I quit.
It was before the stuff was available to help, and I did it pretty much cold turkey. I'd tried a few dozen times, made it an hour here, a few days there, woke up each morning intending to make today the day. Then one day I had a health care provider (PA) checking me out for something else, and she was one of those thorough people who look over the whole patient when they're in front of her. She said, "I can give you this for the ear infection, but I'm more worried about your cough."
[hack]"What cough?"
"You have an infection in your lungs. I can give you antibiotics to make it go away, but if you keep smoking, it will keep coming back."
And somehow those were the magic words that I needed to hear. Reality was staring me in the face, and I had to admit this was stupid. I decided to quit.
I offer that not as anecdote, but as central to the whole thing. Once I decided to quit, the rest was just details. Once I made that decision, I'd gotten through the hard part.

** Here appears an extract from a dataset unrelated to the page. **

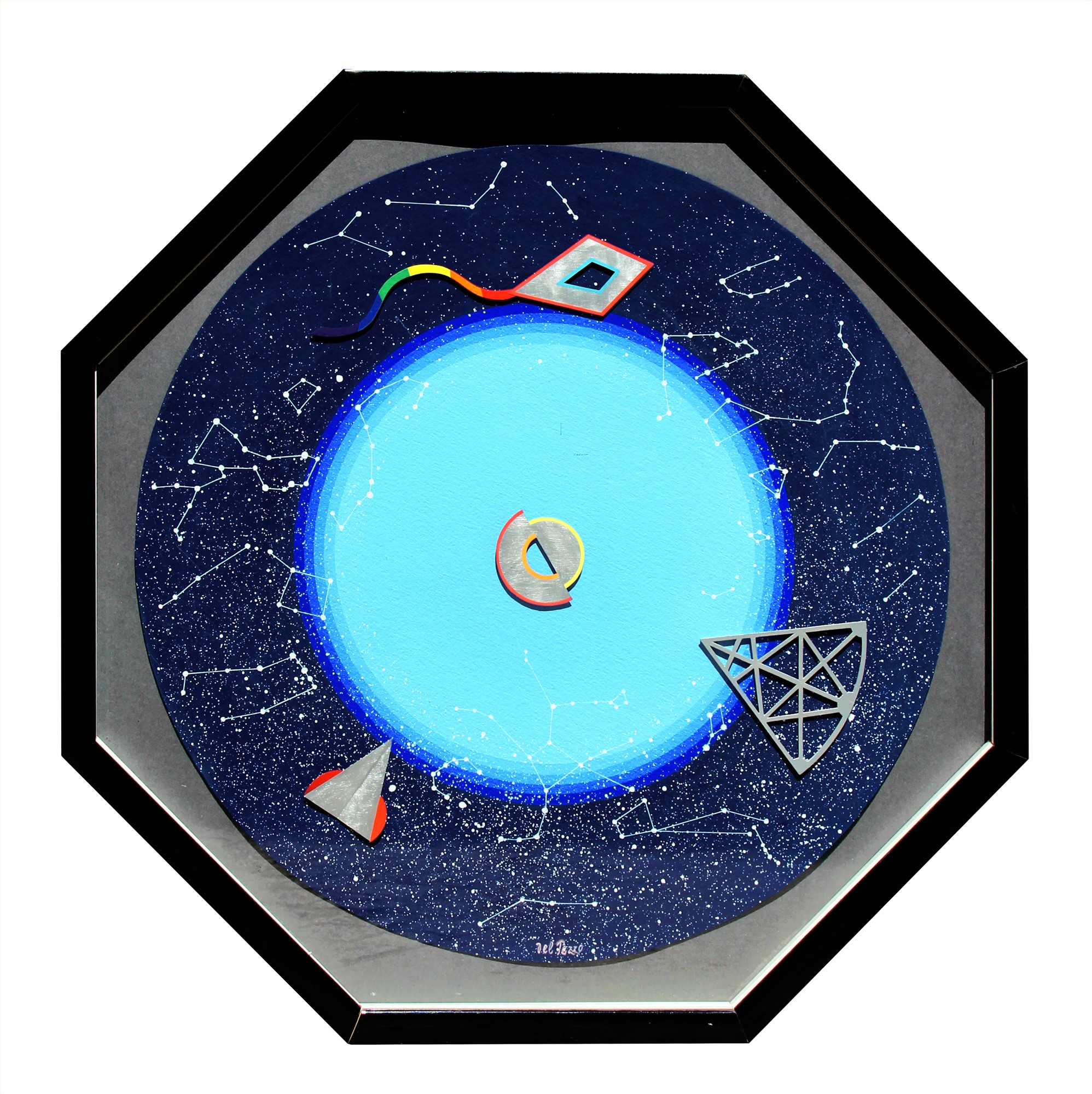 Lucio DEL PEZZO, Cielo con costellazioni (progetto per l'Allegra Costa), , collage, alluminio e acrilico su cartoncino, cm Ø 56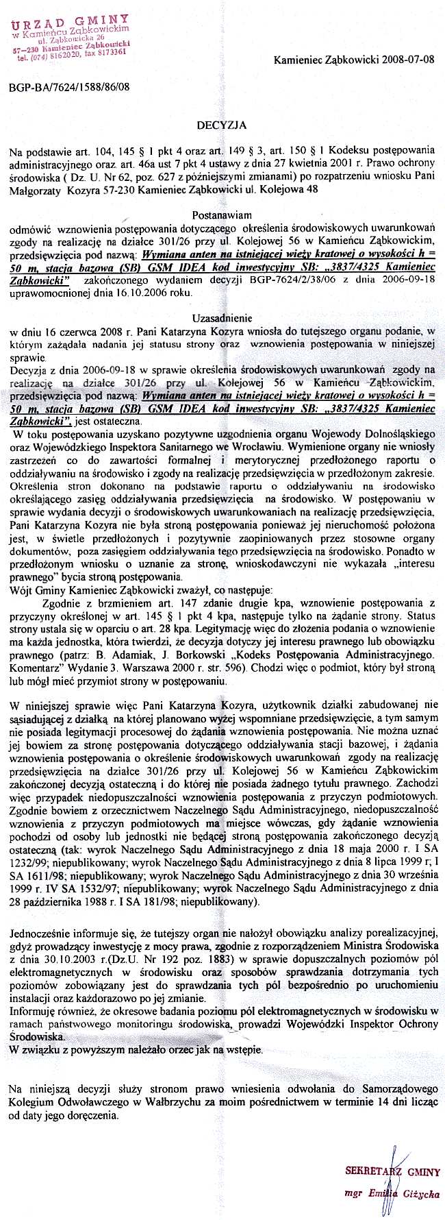 do strony głównej sprawy stacji PTK Centertel Orange (France Telecom) w Kamieńcu Ząbkowickim | ||

I tapered off over the next week. I'd light up 3-4 times a day, smoke half a cigarette, throw the rest away. Did that for a few days, tapered down to a few puffs each time. Then no more. I spent a lot of time in places I didn't smoke--bathtub, bed. I brushed my teeth a lot. I ate a bunch of tangerines and drank grapefruit juice, because the idea of puffing up after the citrus was pretty yuck. I drank a lot of water. I took vitamins, especially C to help clean my body out, get rid of the toxins that were triggering the cravings. I took it easy on myself. And when the urge to smoke came, I learned to ride it out. I noticed it was like a wave on a beach. No matter how intense it was, it would peak and then pass. I grew more confident each time I won a small battle.
I noticed that when I was in social situations, I was more tempted to smoke. I still remember a friend coming over to my house, sitting down and taking out a package of my brand and shaking out a smoke. I looked at it wistfully and said conversationally, "I haven't had a cigarette for a week." He didn't say a word, just put it back in the pack, put the pack in his pocket. When I assured him it was okay for him to smoke, he just shook his head. A small kindness that reinforced my resolve. I prioritized what I was doing.
I did things that kept my hands busy, especially in the evenings. That's how you quit, in the end. You just don't light up the next cigarette. You do whatever it takes to not light up the next cigarette.
A few months later, I learned that my father had just died, and I got a cigarette, and lit up. I smoked it. I lit up another, and smoked half of it, looked at it, and asked myself, "What are you doing?" I threw it on the ground and stamped it out, and I was done.
For several years after that, I'd get the odd tingle--"Gee, it would be nice to have a smoke," but it was just a passing fancy, not a serious crave--almost like seeing a familiar face in a crowd. Surprising when it would hit. And then finally, gone.